The draft lessons expanded to an unwieldy size frequently in the process, and then had to be pruned back so that they were short enough to be used in the ebb and flow of church or community life. As one psychologist working in an inner city mission in New York City said, “I get it. This book is very short, but it covers everything.” While there is certainly a place for academic tomes on trauma and healing, church leaders need something in short and simple.

The fusion of Bible and mental health grew as the years went by. We discovered that the Bible has a lot to say about healing from trauma. In fact, the Society of Biblical Literature has an entire unit on ‘the Hermeneutics of Trauma,” where scholars look at the Bible through the lens of trauma and disaster studies, and then look at trauma through the lens of biblical studies. In her book, Jeremiah: Pain and Promise, Kathleen O’Conner refers to the book of Jeremiah as a survival manual for trauma victims.

Gaining Acceptance

When we first presented the importance of people expressing their pain honestly and openly, church leaders in Africa resisted. “That’s fine for you in the West. You’re liberal. We Africans have faith in the promises of God.” Still, they experienced some relief of their trauma when they told their stories to one another, often the first time they had told anyone of their painful experiences. When we saw these pastors for the follow-up session, we examined the lament Psalms and had them write their own. Curiously, most African cultures have a lament tradition complete with certain types of songs, rhythms, dance, and postures, but most African Christians have not used that tradition in their Christian experience, thinking it to be pagan. One pastor from Nigeria then said, “When I get home, I’m teaching laments. I’ve never done this before, but this is what we need.” Once the link was made, African Christians can connect their rich tradition with their Christian experience.

In 2011, American Bible Society agreed to become the agent for the ministry, and since that time, the program has grown significantly. The program model has developed to be easy to contextualize and use. A website provides news and materials. A database records information on people, organizations, activities and translations. Today the good news of the healing of trauma in Christ is being proclaimed and experienced in 64 counties through the ministry of 3285 facilitators in over 400 organizations.

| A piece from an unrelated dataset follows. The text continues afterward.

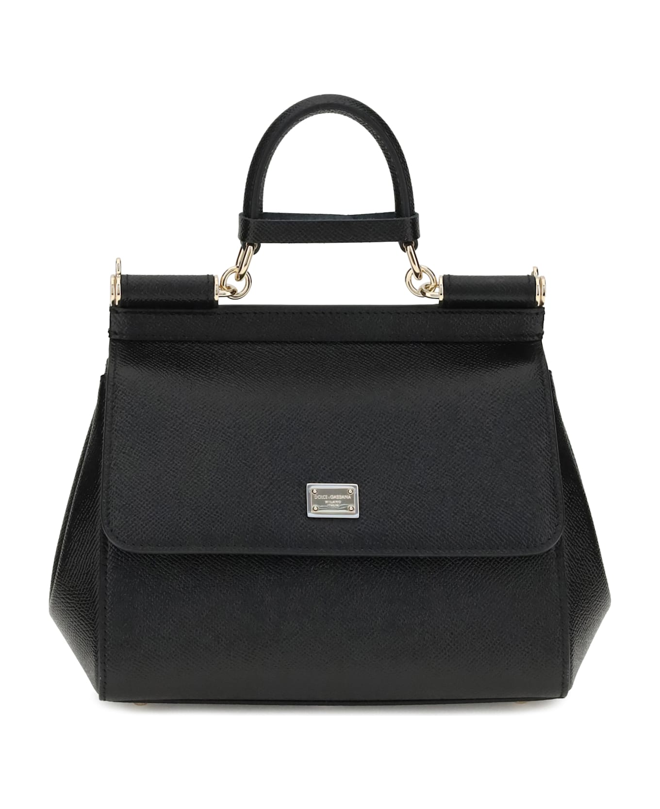 Dolce&gabbana's leather handbag embodies the house's timeless elegance and signature sophistication. featuring a rigid top handle, it offers sophisticated portability, while the flat, adjustable and removable shoulder strap adds practicality and versatility. the front flap closure with magnetic buttons provides security, while the applied logo hardware on the front adds a distinctive touch. the interior, with a single compartment, is designed to store essentials in style and order.

Healing the Wounds of trauma includes 11 lessons (or more), based on the following topics[1]:

  1. If God loves us, why do we suffer?
  2. How can the wounds of our hearts be healed?
  3. How can we grieve well?
  4. How can we help children who have experienced bad things?
  5. How can we help people who have been raped?
  6. Ministering in the midst of HIV-AIDS/ 6a Domestic Abuse / 6b Addictions / 6c Suicide
  7. Care for the caregiver
  8. Taking our pain to the cross
  9. How can we forgive others?
  10. Living as a Christian in the midst of conflict
  11. Looking ahead

Each lesson begins with a story of trauma. These stories are contextualized for the audience: Latino stories, Sri Lankan stories, North American stories, Middle Eastern stories and so forth. The lessons then develop the topic using a participatory approach, which draws on the knowledge, experience and creativity of the participants through discussion, skits, exercises, art-making, and so forth. Participants compare Bible and culture on the lesson’s theme. The lessons are a fusion of biblical and mental health principles. Hundreds of passages from Genesis to Revelation are explored.

Along the way, questions came. What about the children? When adults suffer, the children suffer doubly as they have no voice, and often lack the vocabulary to express their pain. The children’s Healing Hearts Club curriculum was developed and now 160 facilitators are helping traumatized children in seven countries and counting. [2]

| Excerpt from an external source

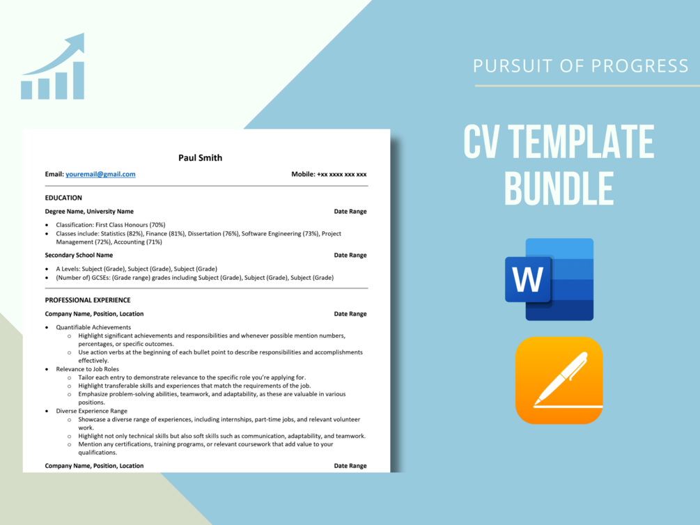 • Our templates are optimised for desktop PCs and Mac devices, ensuring compatibility with Microsoft Word, Pages, and Google Docs. Use of other software may result in formatting issues.

The Development of Story-Based Trauma Healing

Along the way, another question came: what about oral communicators? In fact, trauma is often high where literacy is low, among marginalized populations. In 2011, in collaboration with The Seed Company, Story-based Trauma Healing program was launched in Democratic Republic of Congo, lining up three key missiological strategies: orality, trauma healing, and ‘heart’ language.

Like translation, orality does not need a separate communication theory. Relevance Theory of communication explains human communication in two basic principles. The first principle is that “human cognition tends to be geared to the maximization of relevance” (Sperber and Wilson 1995:260). As Sperber explains:

At any given time, humans perceive more phenomena than they are able to pay attention to, and they have more information stored in memory than they can exploit. Cognitive efficiency involves making the right choices in selecting which available information to attend to and which available past information to process it with (1996:114).

To attract the audience’s attention, communicators have to make their stimulus the most compelling one available. Given the plethora of stimuli, how do we choose which stimuli will be relevant?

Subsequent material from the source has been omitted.